:: About this exercise ::
All lines from the one that contains "Sonnenfleck 1164 und" to the end of the data must be retyped exactly. Pictures are not retyped.
Collected data Block Start
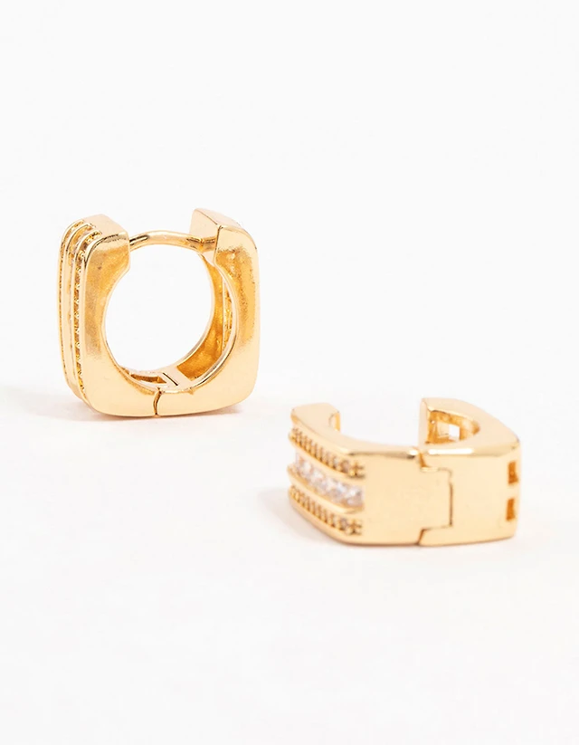Gold Plated Trio Pave Set Diamante Square Hoop Earrings
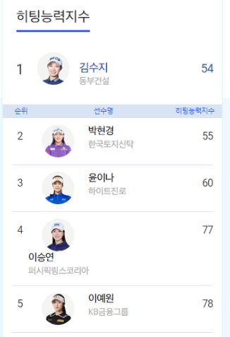 최근에 KLPGA에서 선수의 종합능력 지수를 나타낼 때 쓰는 종합 능력 지수와 히팅능력지수가 있는데 이 두가지 용어는 다른 골프 기술지수 순위를 합산한 종합 지표라고 보면 되겠다.
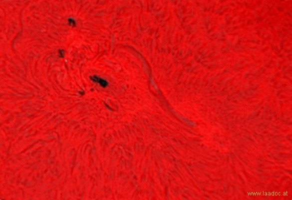 Sonnenfleck 1164 und Filament am 5. März 2011
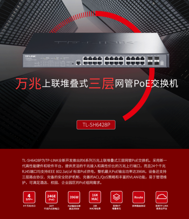 以太網(wǎng)交換機普聯(lián)/TP-LINK企業(yè)級商用核心交換機 支持VLAN 24口千兆TL-SH6428P/臺
Collected data Block End
:: Exercise result ::
 Sonnenfleck 1164 und Filament am 5. März 2011
 以太網(wǎng)交換機普聯(lián)/TP-LINK企業(yè)級商用核心交換機 支持VLAN 24口千兆TL-SH6428P/臺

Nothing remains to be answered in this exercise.